For this exercise, retype the lines from the one that holds "HÍZELŐ A-VONALÚ SZILHOUETT" through the one that holds "Fotoliu Thonet, cu" in the records below, both included, exactly and without pictures.

· · · ·

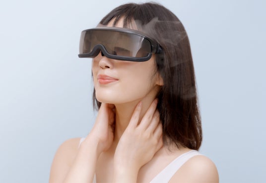 耳かけ式のメガネデザインを採用しており、ベルト型のように髪型を崩したり装着跡が残ったりする心配がありません。わずか125gの軽量設計に加え、動作音は約30dBと静かで、長時間の使用でも快適に過ごせます。
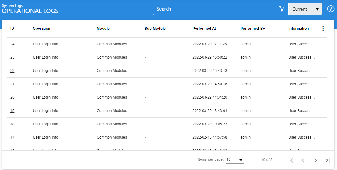 Operational Logs record any change to any record within the ADSS Server database as a result of an operation performed by an ADSS Server user (i.e. normal user, administrator or any other role holder). The change could be insertion, modification or deletion of any record.
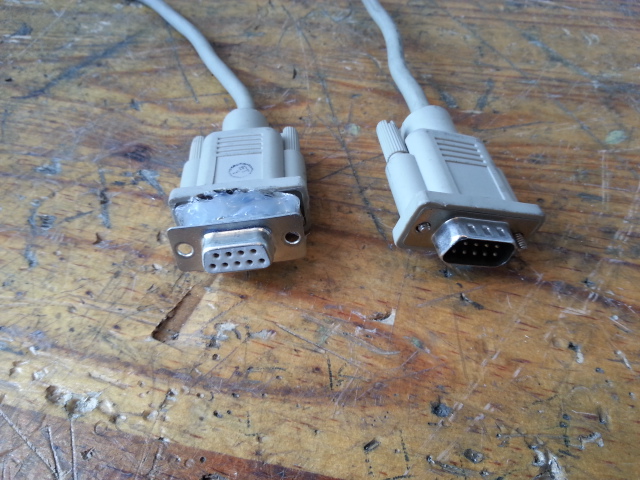 Manque de pot, impossible d'envoyer le HP-GL par l'USB. La découpeuse, quoique soi-disant reconnue et bien installée comme semble l'attester le gestionnaire de périphériques de Windows XP reste immobile et Inkscape plante systématiquement. j'ai alors essayé par le port série (D-SUB9) et là! La puma a sorti ses griffes pour de bon et s'est mise à découper le petit ovale vert que j'avais dessiné dans inkscape! Comme je n'avais pas de câble série j'ai utilisé un câble VGA à une des extrémités duquel j'ai soudé en embout femelle. c'est assez moche mais ça fait le job. Comme quoi on peut se passer d'un quelconque soft propriétaire pour piloter une imprimante qui accepte le HP-GL.
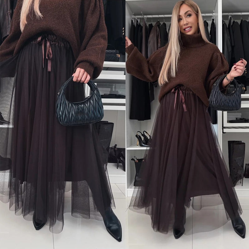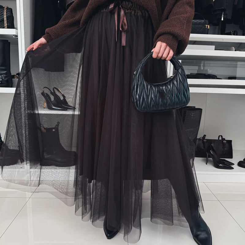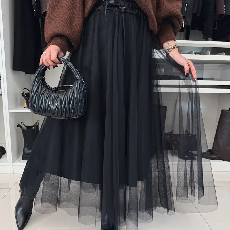 HÍZELŐ A-VONALÚ SZILHOUETT – Ez az A-vonalú tüllszoknya hízelgő formával rendelkezik, amely kecsesen folyik a deréktól a szegélyig, így időtlen, nőies megjelenést kölcsönöz. Bármilyen testtípushoz tökéletes.
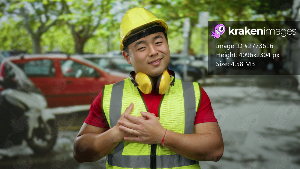 Smiling man wearing helmet expressing gratitude on busy urban street with cars in background on sunny day
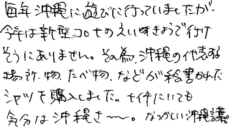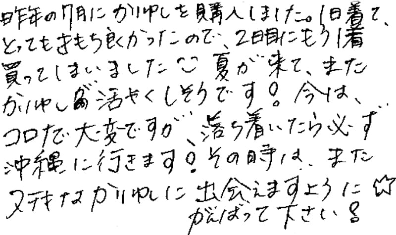 昨年の7月にかりゆしを購入しました。1日着て、とってもきもち良かったので、2日目にもう1着買ってしまいました。夏が来て、またかりゆしが活やくしそうです!今は、コロナで大変ですが、落ち着いたら必ず沖縄に行きます!その時は、またステキなかりゆしに出会えますように☆がんばって下さい!
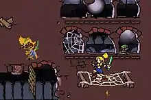 Lady Sia is a traditional platformer with action-adventure elements. As such, players have to watch out for numerous enemies as well as make sure not to fall off of the platforms.[4] The world Sia must cross is divided into four areas, each of which are divided into four levels, a main boss fight, and a bonus level.[4] Levels focus on either fighting or acrobatics. Sia has three lives per level, but the player can temporarily acquire more by collecting gems. If the player loses a life, he or she must restart at the beginning of the level or at the last checkpoint. Checkpoints are found halfway through each level and usually depicted as golden whirlwind images that turn into an image of Sia when activated. If all lives are lost, Sia is "thrown in jail" and the player receives ten seconds to decide whether to restart the level or quit.
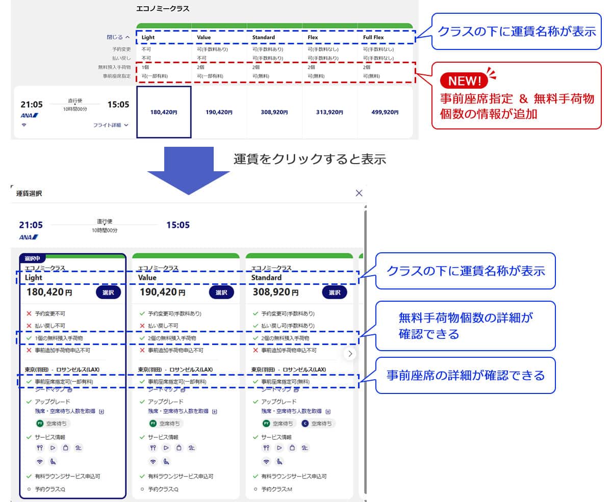 ANAキャリア特別運賃 エコノミークラス 「Light」「Value」 |
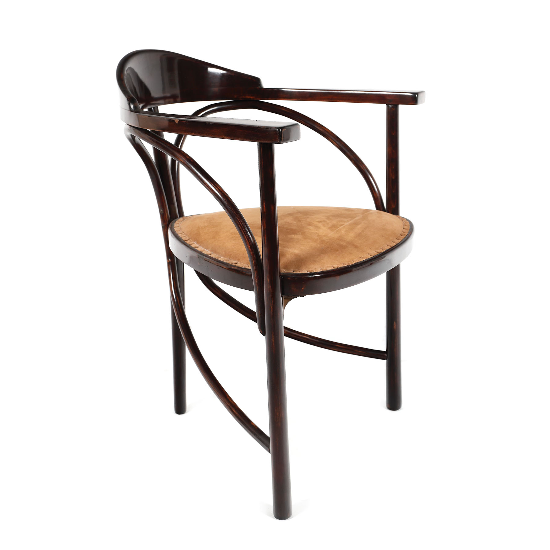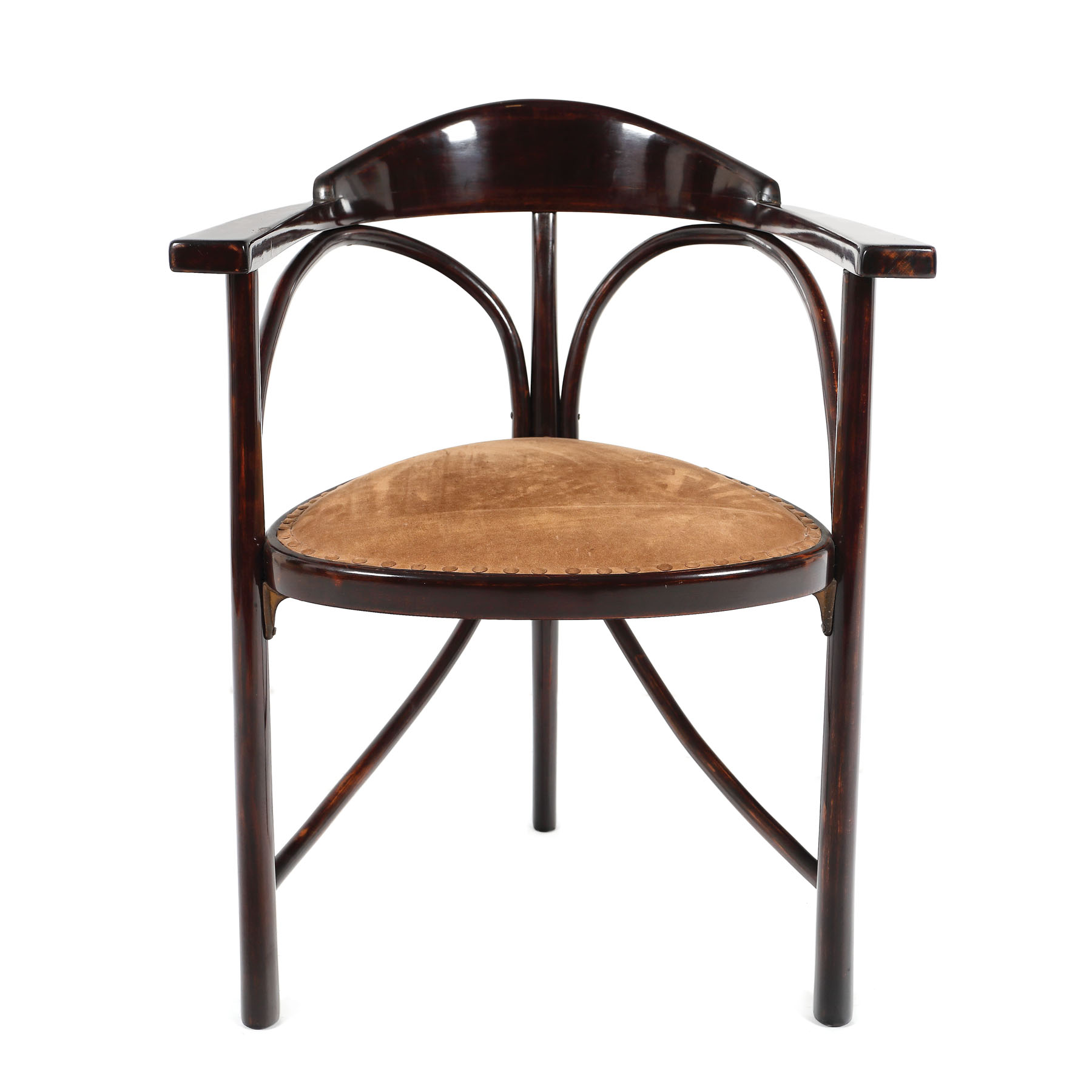 Fotoliu Thonet, cu trei picioare, cu brațe deschise cotiere, având șezuta triunghiulară, tapițată cu piele. În stil Sezession.
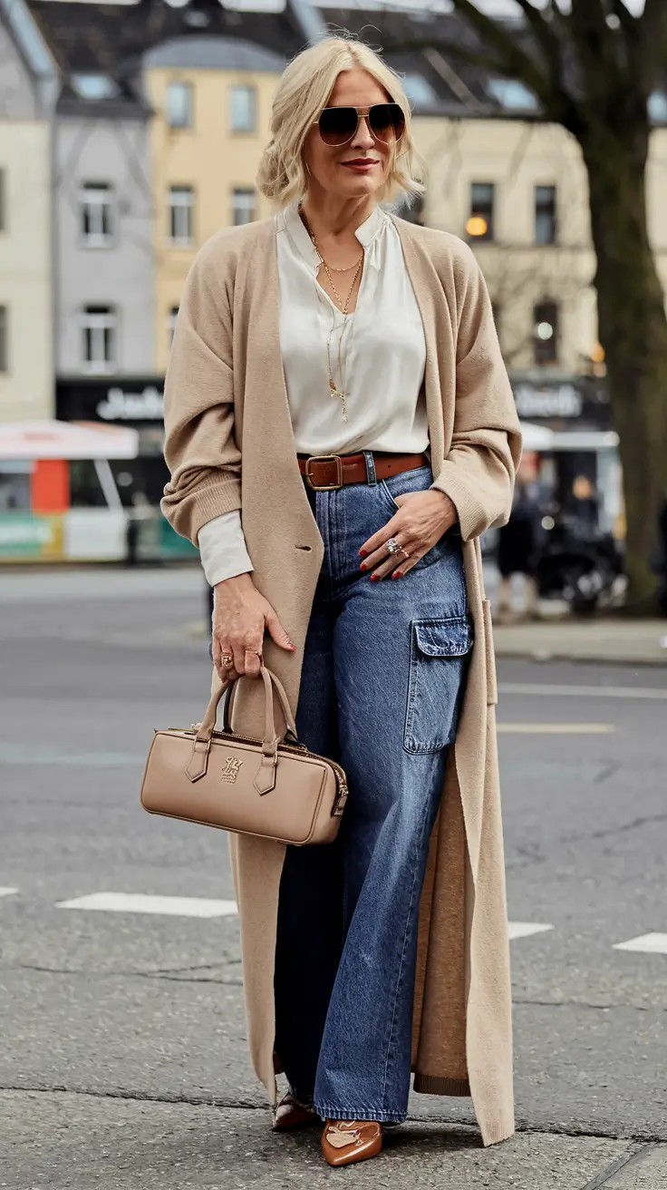 This outfit is about balance soft top, structured pant, and long outer layer. It feels comfortable and refined all at once. This fits well in the category of fall outfits for women over 40 casual that does not lack city confidence.

· · · ·

_Task solution_.
 HÍZELŐ A-VONALÚ SZILHOUETT – Ez az A-vonalú tüllszoknya hízelgő formával rendelkezik, amely kecsesen folyik a deréktól a szegélyig, így időtlen, nőies megjelenést kölcsönöz. Bármilyen testtípushoz tökéletes.
 Smiling man wearing helmet expressing gratitude on busy urban street with cars in background on sunny day
 昨年の7月にかりゆしを購入しました。1日着て、とってもきもち良かったので、2日目にもう1着買ってしまいました。夏が来て、またかりゆしが活やくしそうです!今は、コロナで大変ですが、落ち着いたら必ず沖縄に行きます!その時は、またステキなかりゆしに出会えますように☆がんばって下さい!
 Lady Sia is a traditional platformer with action-adventure elements. As such, players have to watch out for numerous enemies as well as make sure not to fall off of the platforms.[4] The world Sia must cross is divided into four areas, each of which are divided into four levels, a main boss fight, and a bonus level.[4] Levels focus on either fighting or acrobatics. Sia has three lives per level, but the player can temporarily acquire more by collecting gems. If the player loses a life, he or she must restart at the beginning of the level or at the last checkpoint. Checkpoints are found halfway through each level and usually depicted as golden whirlwind images that turn into an image of Sia when activated. If all lives are lost, Sia is "thrown in jail" and the player receives ten seconds to decide whether to restart the level or quit.
 ANAキャリア特別運賃 エコノミークラス 「Light」「Value」 |
 Fotoliu Thonet, cu trei picioare, cu brațe deschise cotiere, având șezuta triunghiulară, tapițată cu piele. În stil Sezession.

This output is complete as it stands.